The organization listed olive oil as a plant-based source of monounsaturated fat, along with canola oil, high oleic acid safflower and sunflower oils, peanuts, tree nuts and the butter derived from both. However, the AHA stopped short of explicitly endorsing extra virgin olive oil.
“The 2021 Dietary Guidance to Improve Cardiovascular Health emphasizes the importance of dietary patterns, with less focus on individual foods and more focus on individual choice,” Maggie Francis, an AHA spokeswoman, told Olive Oil Times. “The guidance is intended to support people in making heart-healthy eating decisions that fit various lifestyles, environments and cultures.”
“Robust scientific evidence demonstrates the cardiovascular benefits of dietary unsaturated fats (polyunsaturated and monounsaturated fats), particularly as a replacement for saturated and trans fats,” she added. “Olive oil is one of several examples the statement provides that people can choose as a source of monounsaturated fat.”
While monounsaturated fats are widely considered to promote cardiovascular health, a recent study from Yale University showed that polyphenols in extra virgin olive oil also contributed to heart health.

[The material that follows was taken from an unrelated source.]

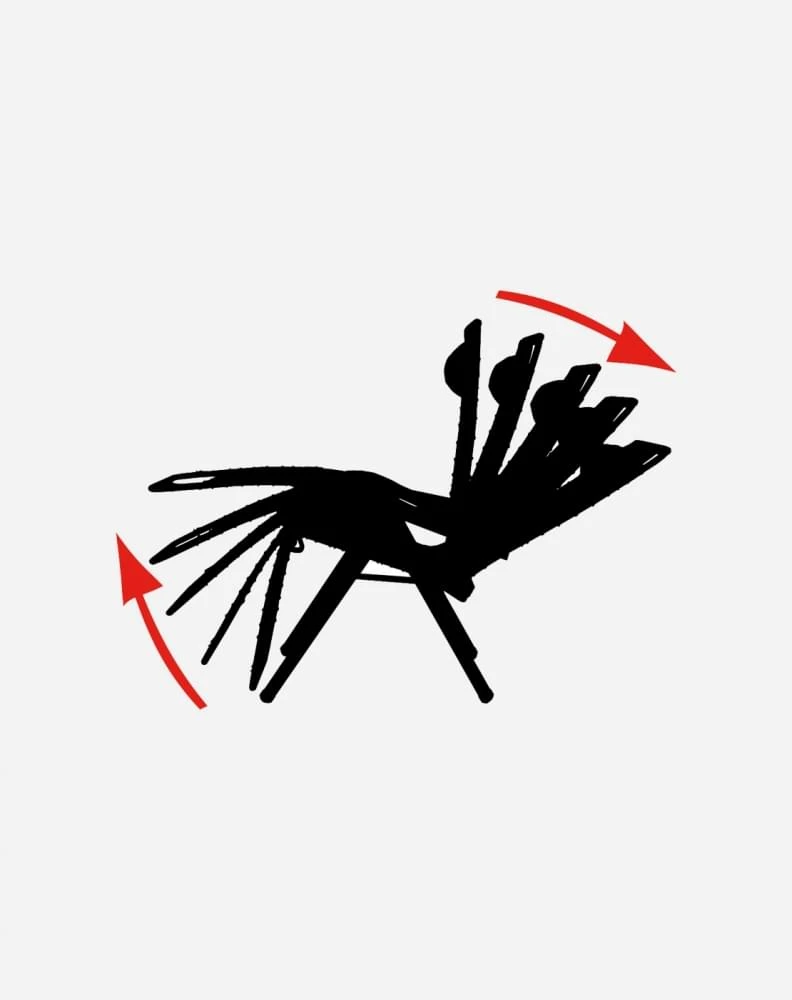 Door met je rug tegen de rugleuning aan te duwen, de voeten op de onderste stang te zetten en dan de hakken omhoog te duwen. Wanneer je de juiste stand hebt gevonden klem je het frame vast door de vleugeltjes die onder de armleuning zitten naar binnen of naar buiten te vouwen.

However, Alice Lichtenstein, the lead author of the guidance, also emphasized selecting the best available food options rather than recommending specific foods.
“The way to make heart-healthy choices every day is to step back, look at the environment in which you eat, whether it be at home, at work, during social interaction, and then identify what the best choices are,” she said. “And if there are no good choices, then think about how you can modify your environment so that there are good choices.”

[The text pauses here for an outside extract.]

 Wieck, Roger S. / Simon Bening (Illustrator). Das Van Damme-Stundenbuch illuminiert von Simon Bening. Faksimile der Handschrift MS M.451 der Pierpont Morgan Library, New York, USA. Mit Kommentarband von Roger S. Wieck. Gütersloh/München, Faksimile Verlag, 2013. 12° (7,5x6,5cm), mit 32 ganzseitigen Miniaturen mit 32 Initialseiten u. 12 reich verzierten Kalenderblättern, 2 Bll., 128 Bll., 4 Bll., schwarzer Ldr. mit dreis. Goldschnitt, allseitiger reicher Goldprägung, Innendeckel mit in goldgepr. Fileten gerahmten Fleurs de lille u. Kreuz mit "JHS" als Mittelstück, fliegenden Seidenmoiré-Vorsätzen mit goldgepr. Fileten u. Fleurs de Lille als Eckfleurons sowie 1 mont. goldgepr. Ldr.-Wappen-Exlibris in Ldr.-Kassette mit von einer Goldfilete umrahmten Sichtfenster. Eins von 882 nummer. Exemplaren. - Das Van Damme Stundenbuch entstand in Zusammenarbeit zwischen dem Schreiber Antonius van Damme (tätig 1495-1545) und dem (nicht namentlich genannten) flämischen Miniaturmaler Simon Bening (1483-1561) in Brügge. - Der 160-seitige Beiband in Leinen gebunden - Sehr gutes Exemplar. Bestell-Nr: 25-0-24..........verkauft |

The AHA’s complete list of dietary recommendations included:
Along with listing the dietary features to promote cardiometabolic health, the AHA also addressed the structural challenges of widespread adherence to heart-healthy dietary patterns in the United States.
“The food environment has a substantial influence on people’s food choices, diet quality and subsequently cardiovascular health at many levels, making it difficult for many Americans to adhere to heart-healthy dietary patterns,” the AHA wrote.

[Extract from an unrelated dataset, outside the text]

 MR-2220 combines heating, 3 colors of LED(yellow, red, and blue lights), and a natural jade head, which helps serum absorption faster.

The organization cited socioeconomic factors, such as structural racism and neighborhood segregation, targeted marketing of unhealthy foods and beverages and food and nutrition insecurity as the biggest challenges facing the widespread adoption of their guidelines.
While acknowledging that there are no easy fixes to problems that have been entrenched in the United States’ food environment for decades, the AHA said efforts to combat nutritional misinformation among the public and healthcare professionals and introducing food and nutrition education back into all levels of public education would help.
“Creating an environment that facilitates, rather than impedes, adherence to heart-healthy dietary patterns among all individuals is a public health imperative,” the AHA concluded.